--- Records Enclosed Below ---

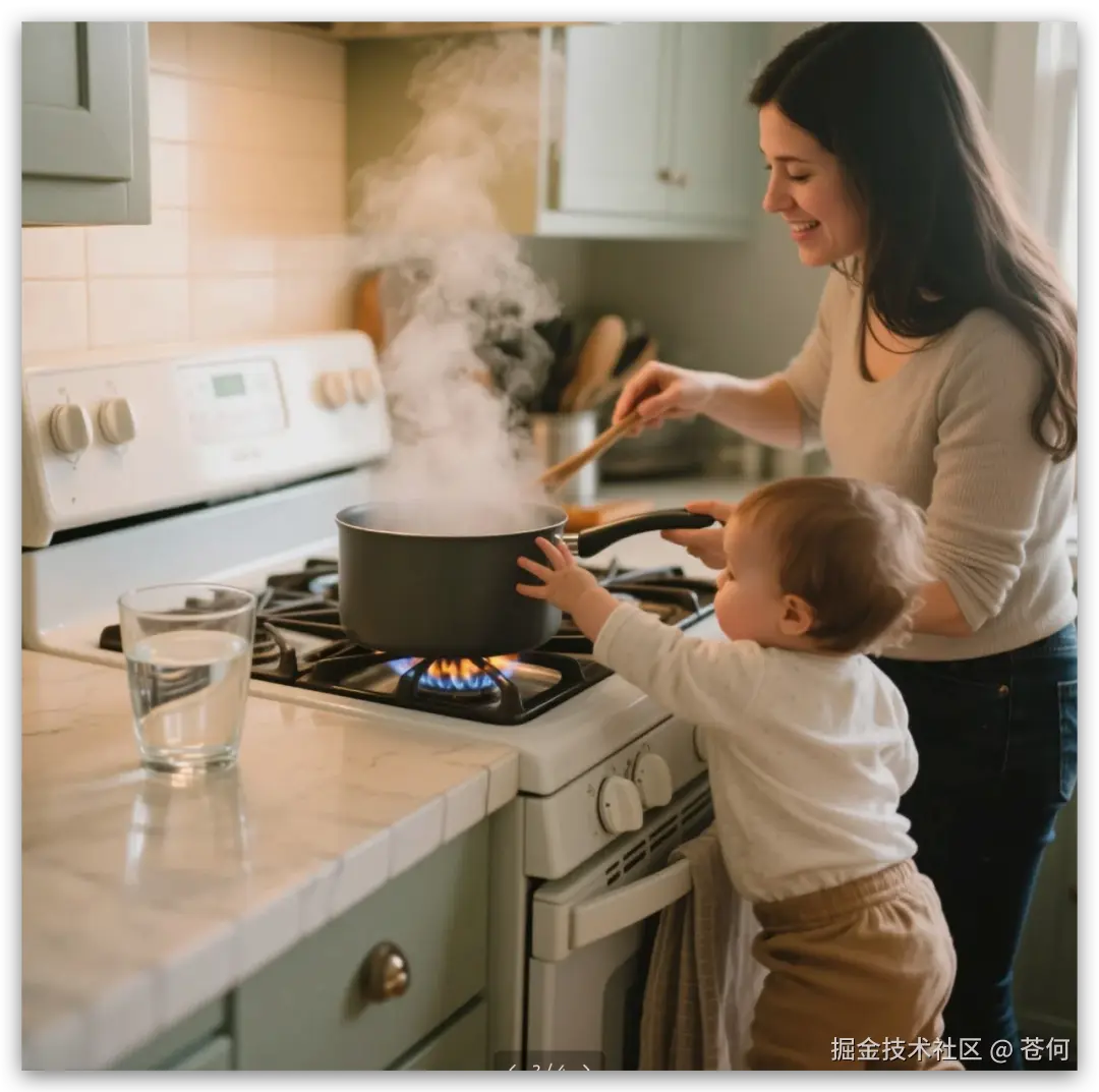 提示词:这张看似平常的家庭照片中,存在哪些潜在的安全隐患?请具体指出危险点,并说明可能导致的后果。以及标注出有隐患的点
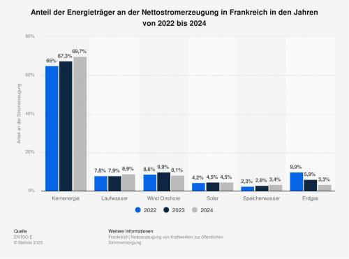 Im Jahr 2024 wurden in Frankreich rund 70 Prozent des erzeugten Stroms aus Kernenergie gewonnen. Etwa 12 Prozent des Stroms wurden hingegen aus dem erneuerbaren Energieträger Wasserkraft erzeugt. Frankreich war zuletzt Deutschlands größter Stromlieferant.
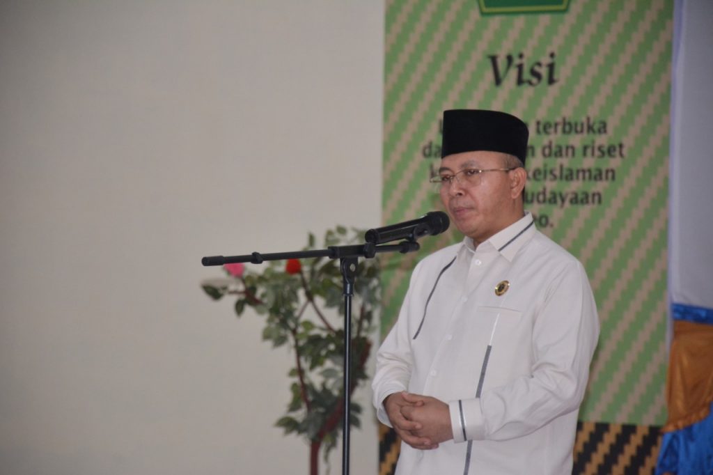 Dalam sambutannya Rektor Syarif berharap agar PNS bisa mengikuti, memahami, mengamalkan serta mengembangkan paham moderasi beragama. Islam menerima eksistensi orang lain, membentuk akademisi yang beraklak mulia, mandiri dan berkemajuan bagi bangsa dan kemanusiaan. Moderasi beragama adalah menerima eksistensi orang lain dengan lintas suku bangsa dengan kepaham beragama. Dalam hal mengajar harus mengikuti ranah kebijakan Wakil Rektor I. Fakultas dan pascasarjana tidak boleh melakukan workshop kurikulum sebelum rektorat melakukan. Karena fakultas dan pasca menerjemahkan visi misi untuk mewujudkan akademisi yang beraklak mulia, mandiri dan bermanfaat bagi nusa dan bangsa. Menerjemahkan hal itu lebih rinci di program studi ada spesialisasi menopang, menguatkan, mewujudkan program yang ada di institusi.
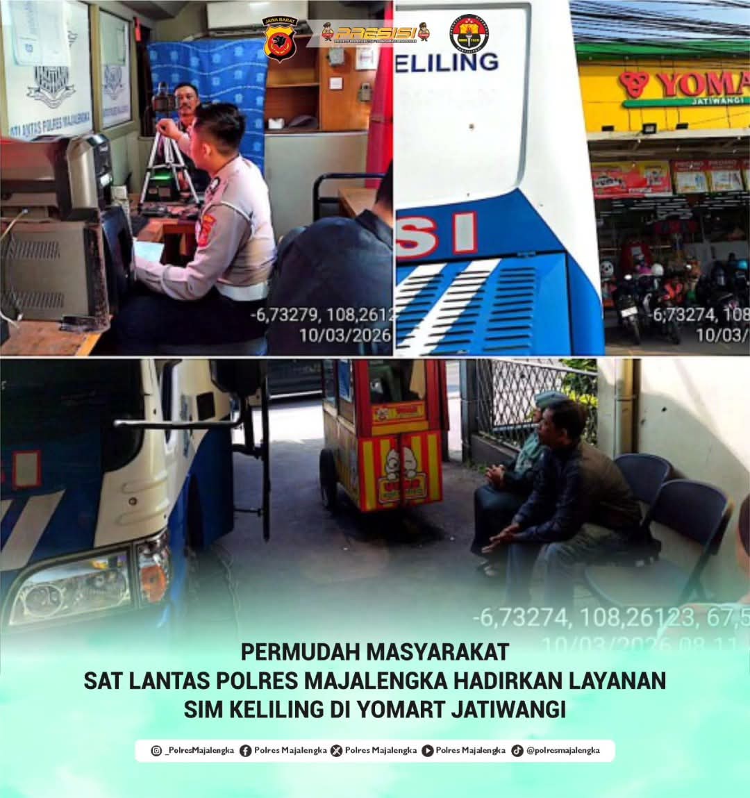 Majalengka,-KOMPAS1.id || Satuan Lalu Lintas (Sat Lantas) Polres Majalengka terus berkomitmen memberikan pelayanan prima dan kemudahan bagi masyarakat dalam pengurusan administrasi berkendara. Pada Rabu (11/3/2026), unit layanan SIM Keliling hadir menyapa warga di halaman Yomart Jatiwangi, Kecamatan Jatiwangi, Kabupaten Majalengka.
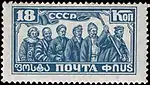 - 10-летию Великой Октябрьской революции: трудящиеся шести национальностей СССР. Синяя. Печать типографская на мелованной бумаге без водяного знака, перфорирована: комбинированная гребенчатая зубцовка 12½:12 (на каждые 2 сантиметра края марки приходится 12½:12 зубцов), 40 (5×8) экземпляров на марочных листах[1][11][29].
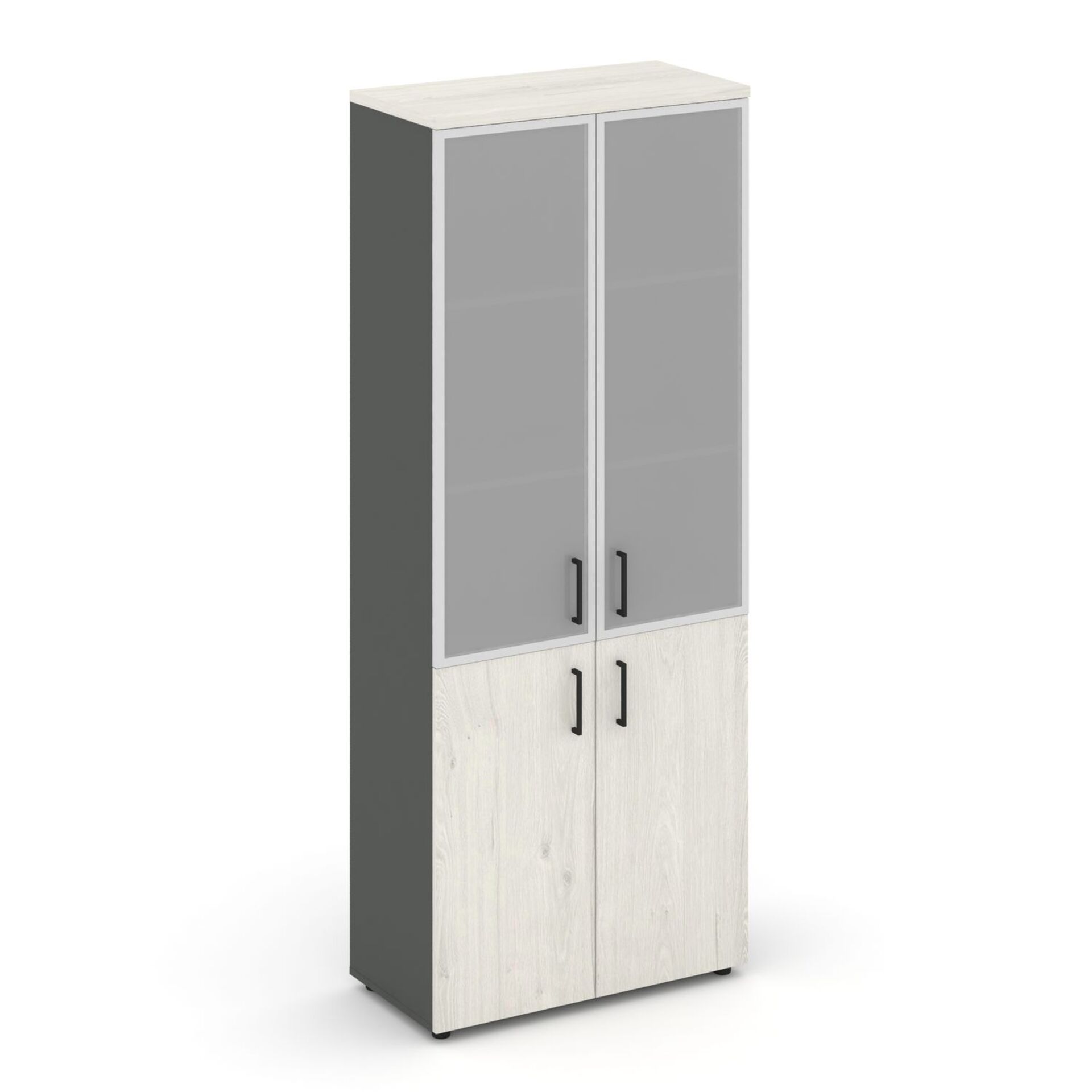 Шкаф высокий широкий (2 низких фасада ЛДСП + 2 средних фасада стекло сатин в раме) SN.STS.E-103

--- End of Enclosed Records ---

The problem - Copy the lines starting at the line that contains "- 10-летию Великой" and running to the final line of the entries, inclusive; omit all pictures.

Finished task -
 - 10-летию Великой Октябрьской революции: трудящиеся шести национальностей СССР. Синяя. Печать типографская на мелованной бумаге без водяного знака, перфорирована: комбинированная гребенчатая зубцовка 12½:12 (на каждые 2 сантиметра края марки приходится 12½:12 зубцов), 40 (5×8) экземпляров на марочных листах[1][11][29].
 Шкаф высокий широкий (2 низких фасада ЛДСП + 2 средних фасада стекло сатин в раме) SN.STS.E-103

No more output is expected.